1. A 1200 kg car moves along a horizontal road
at speed v0 = 20.1 m/s. The road is wet,
so the static friction coefficient between the
tires and the road is only μs = 0.189 and
the kinetic friction coefficient is even lower,
μk = 0.1323.
The acceleration of gravity is 9.8 m/s^2 .
What is the shortest possible stopping distance for the car under such conditions? Use
g = 9.8 m/s^2 and neglect the reaction time of
the driver.
Answer in units of m.
2. A block accelerates at 3.1 m/s^2 down a plane
inclined at an angle 24.0◦.
Find μk between the block and the inclined plane. The acceleration of gravity is
9.81 m/s^2 .
Help!!!
To find the answers to both questions, we will need to use the equations of motion and the relationship between friction and acceleration. I will guide you through the steps for each question.
Question 1:
Step 1: Determine the stopping distance using the formula s = (v0^2) / (2a), where s is the stopping distance, v0 is the initial velocity, and a is the deceleration (negative acceleration).
Step 2: Calculate the deceleration using the formula a = -μs * g, where μs is the static friction coefficient and g is the acceleration due to gravity.
Step 3: Substitute the value of the deceleration in step 2 into the formula in step 1 to find the stopping distance.
Let's now calculate the stopping distance:
Step 1: s = (v0^2) / (2a)
Given v0 = 20.1 m/s and a = -μs * g, where μs = 0.189 and g = 9.8 m/s^2.
Step 2: Calculate a:
a = -0.189 * 9.8 = -1.8642 m/s^2
Step 3: Substitute the values:
s = (20.1^2) / (2 * (-1.8642))
s = 202.01 / (-3.7284)
s ≈ -54.18 m
The stopping distance for the car, under the given conditions, is approximately 54.18 meters. Since distance cannot be negative, we take the absolute value of the result.
Question 2:
Step 1: Determine the coefficient of kinetic friction using the formula μk = tan(angle), where μk is the coefficient of kinetic friction and angle is the angle of inclination.
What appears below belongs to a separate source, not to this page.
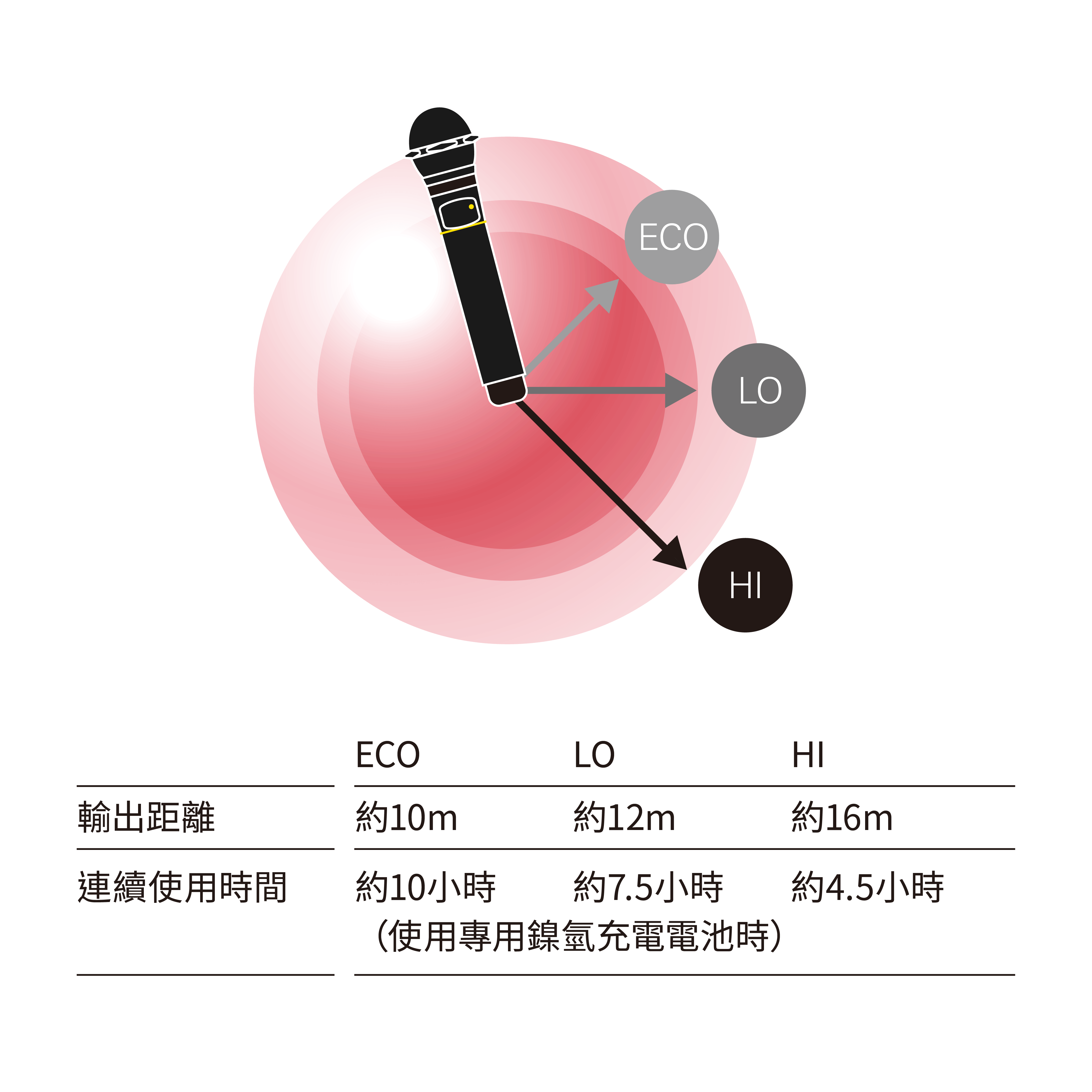 - 省電設計,紅外線輸可出切換為 3 個等級(ECO/LO/HI),ECO模式最長可連續使用長達10小時。

Let's now calculate the coefficient of kinetic friction:
Given angle = 24.0° and g = 9.81 m/s^2.
Step 1: μk = tan(angle)
μk = tan(24.0°)
Using a calculator, μk ≈ 0.4456.
So, the coefficient of kinetic friction between the block and the inclined plane is approximately 0.4456.
I hope this helps! If you have any further questions, feel free to ask.
Sure! I can help you with both of these problems. Let's take them step by step.
1. To find the shortest possible stopping distance for the car, we need to determine the maximum value of the friction force that can be applied by the road. Since the car is moving, the kinetic friction coefficient applies.
The friction force (F_friction) can be calculated using the formula:
F_friction = μk * m * g
where μk is the kinetic friction coefficient, m is the mass of the car, and g is the acceleration due to gravity.
Given:
μk = 0.1323
m = 1200 kg
g = 9.8 m/s^2
Substituting these values into the formula, we get:
F_friction = 0.1323 * 1200 kg * 9.8 m/s^2
Simplifying the calculation, we find:
F_friction = 1569.936 N
The friction force acts in the opposite direction to the motion of the car, causing it to decelerate. The deceleration (a) can be calculated using Newton's second law:
F_friction = m * a
Rearranging the equation, we find:
a = F_friction / m
Substituting the known values, we get:
a = 1569.936 N / 1200 kg
Simplifying the calculation, we find:
a = 1.30828 m/s^2
To find the stopping distance (d), we can use the following kinematic equation:
v^2 = v0^2 + 2a * d
Since the car is stopping, the final velocity (v) is zero.
0 = (20.1 m/s)^2 + 2 * 1.30828 m/s^2 * d
Simplifying the equation, we get:
d = - (20.1 m/s)^2 / (2 * 1.30828 m/s^2)
Calculating the result, we find:
d ≈ -154.695 m
However, distance cannot be negative, so the shortest possible stopping distance for the car is approximately 154.695 m.
2. To find the coefficient of kinetic friction (μk) between the block and the inclined plane, we can use the following formula:
μk = tan(θ)
where θ is the angle of the inclined plane.
Given:
θ = 24.0°
Substituting the value into the formula, we find:
μk = tan(24.0°)
Calculating the result, we find:
μk ≈ 0.445041
Therefore, the coefficient of kinetic friction (μk) between the block and the inclined plane is approximately 0.445041.
I hope this helps! Let me know if you have any further questions.